In 1999, he tied for 5–6th with Alexander Huzman in Tel Aviv (Boris Gelfand, Ilia Smirin, and Lev Psakhis won). In 2000, he tied for 1st-2nd with Huzman in Biel and took 6th in Haifa (Wydra Tournament; Viswanathan Anand won). In 2001, he won in Biel. In 2004, he tied for 8–9th in Beer Sheva Rapid (Viktor Korchnoi won). In 2009 he tied for first with Alexander Areshchenko in the Zurich Jubilee Open tournament.

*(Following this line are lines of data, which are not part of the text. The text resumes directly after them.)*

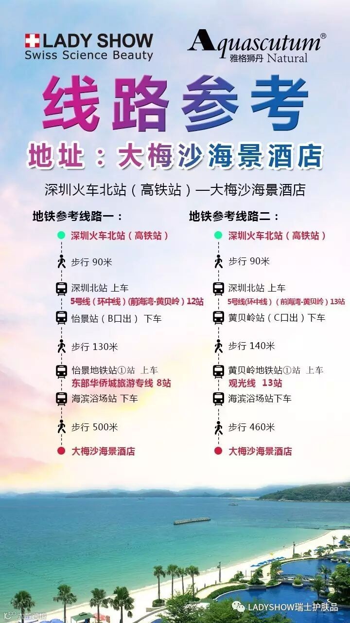 公文站名:海滨浴场站 下车(步行500米 约9分钟到酒店,大堂内有指引会议路线)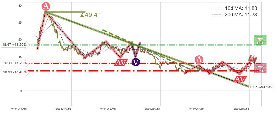 ♘ 支撑价格位10.91,可信任强度94.22%,距离最后交易2022-08-12形成的收盘价格12.90相差 -15.40%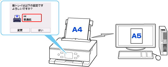 表示された用紙のサイズと種類が、後トレイにセットした用紙と同じであれば、[はい]を選びます。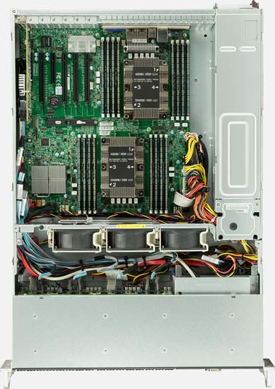 This system is capable of supporting up to 12 DIMMS per CPU. That’s a significant advancement on the previous limit, which was 9 DIMMS per CPU.
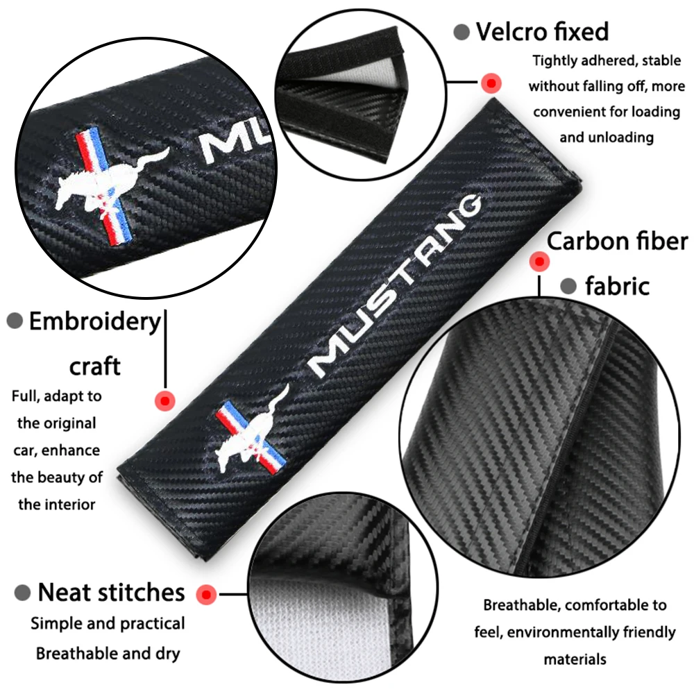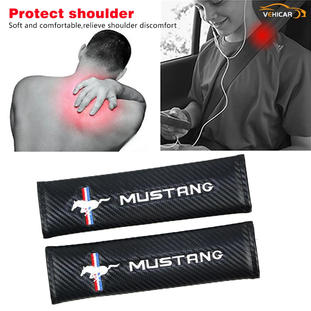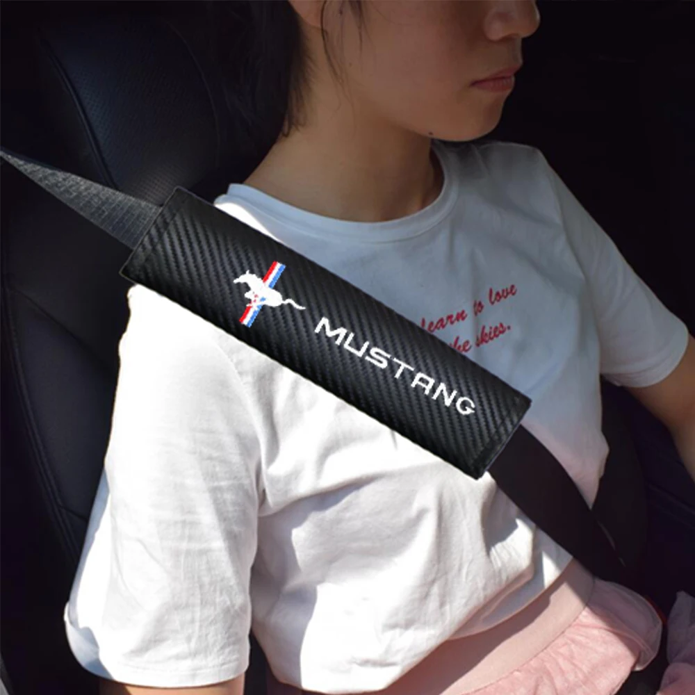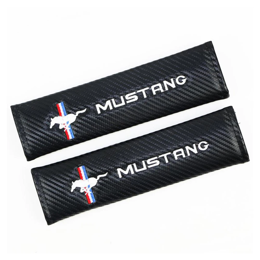 Автомобильные чехлы для ремня безопасности, 2 шт., защитные Наплечные накладки из углеродного волокна для водителя, автомобильные аксессуары MUSTANG

Avrukh has twice won the Israeli Chess Championship; in 2000 (tied with Alik Gershon) and 2008. He took part in the FIDE World Chess Championship 2002, but was knocked out in the first round by Bartłomiej Macieja.

He cites Garry Kasparov as his favourite player of all time "for his powerful style and killer instinct."